Esto no es ninguna excepción. Corporaciones gigantes como Procter & Gamble, por ejemplo, tienen agencias que monitorean todos los programas de televisión en los que anuncian sus champús, pastas de dientes, detergentes, papitas y gaseosas, para no hacerlo en aquellos programas que tienen contenidos demasiado críticos. Para el año 2020, la firma facturaba 75 mil millones de dólares, comercializando un centenar de marcas para miles de millones de consumidores en 140 países.

La derrota de aquellos grupos que abogaban por retener al menos un porcentaje de los nuevos medios destinados a la educación y a la cultura no comercializada no solo perdieron su batalla en la era de la radio (en los años 30s) y en la era de otra novedad creada y desarrollada con dinero público y por universidades no comerciales, la de Internet (igualmente privatizada en los años 90s) sino que, por si no fuese suficiente, estos mismos mega conglomerados periodísticos penetraron en las universidades hasta las escuelas de periodismo, bajo el asumido de que “ellos conocen la realidad”, como si “la realidad” fuese parte de una naturaleza exterior y no una creación de ese mismo mercado, de esa misma ideología de los negocios.

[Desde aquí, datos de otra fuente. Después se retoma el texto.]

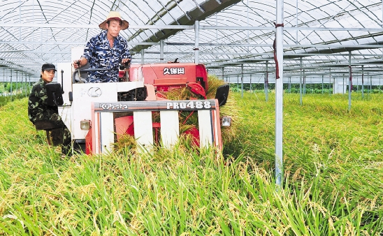 8月18日下午,舟山定海喜来岛农业开发有限公司员工正在收割种植在草莓大棚内的早稻。据介绍,草莓大棚水旱轮作,能有效减少土壤中的病菌,从而提高草莓品质。
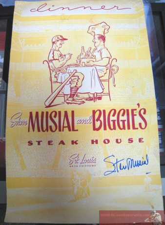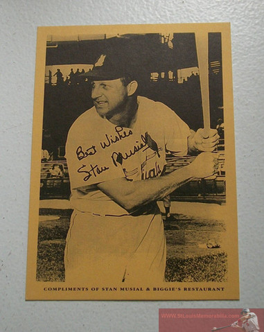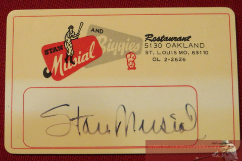 This item is an actual entry card to Stan Musial's restaurant in the 1970's. The restaurant was named 'Stan Musial and Biggies' and was located on Oakland avenue across from the St. Louis Zoo and just down the street from the old Arena (where the St. Louis Blues played). None of those buildings are standing today unfortunately. This item is made of plastic and quite durable. The seller had this personally autographed with a Stan The Man COA Letter.
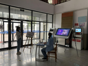 智能工程实验实践中心全体教职工积极响应校院两级党委号召,参加学校“复课开学和疫情防控党员志愿服务队”和h视频 “党员志愿服务队”。在老师们忙于线上教学的时候,实践中心主动承担了学校、h视频 党委的志愿服务工作。“请出示校园卡”、“请更换口罩、出示健康码、扫码后前方测量体温”,党员志愿者在校门口、教学楼门口、食堂门口,为了确保复课开学后师生的安全健康,一丝不苟的检查着、提醒着。

Ideología que también penetró otros sectores, facultades y escuelas de las universidades convirtiéndolas en proveedoras de empleados a medida, obedientes, convirtiendo a los estudiantes en clientes y a los consumidores en cerdos hambrientos—con todo el respeto por esos nobles y sensibles animalitos que también son sacrificados de a millones cada año.